Waldman has conducted research on a diverse set of topics, including learning and signaling in labor markets; the operation of durable goods markets; the role of expectational shocks in business cycle fluctuations; how the theory of natural selection can explain systematic errors in decision making; and, recently, environmental triggers for autism. He has published in many top economics journals, including the American Economic Review, Journal of Political Economy, Quarterly Journal of Economics, and the Rand Journal of Economics, and he has a recent publication concerning his autism research in Archives of Pediatrics & Adolescent Medicine. Waldman has also served as a co-editor at the Journal of Economic Perspectives and an associate editorat the Quarterly Journal of Economics.
More
- Johnson School faculty profile
- Video interviews on Cornell eClips
- Cornell Chronicle (Nov 2008): Linking rainfall and autism
Sarah Kreps
Sarah Kreps
Sarah Kreps is an assistant professor in the Department of Government at Cornell University. She studies international relations, with a focus on international conflict and cooperation, alliance politics, and proliferation of weapons of mass destruction. Her current research looks at the effect of economic sanctions and military force on nuclear proliferation; the conditions under which peacekeeping is likely to succeed or fail; and American grand strategy after major wars. Her book manuscript considers why strong states sometimes coordinate their military interventions through international institutions and other times undertake them alone.

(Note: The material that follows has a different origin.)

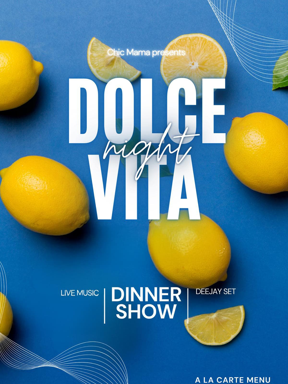 Dolce Vita Night. A unique evening of Mediterranean flavours, a breathtaking setting, and a dinner show inspired by the timeless elegance of the Dolce Vita.

Prior to coming to Cornell, Kreps was a research fellow at Harvard University's Belfer Center for Science and International Affairs and a senior fellow at Georgetown University's Institute for International Law and Politics. She has a BA from Harvard, MSc from Oxford, and PhD from Georgetown.
Kreps's work has appeared or is forthcoming in the Journal of Strategic Studies, Security Studies, Political Science Quarterly, the African Security Review, Duke Journal of Comparative and International Law, the International Journal of Sustainable Development and World Ecology, Orbis, and Intelligence and National Security. Her opinions have been featured in a series of media outlets including The Washington Post, International Herald Tribune, Christian Science Monitor, and Reuters TV.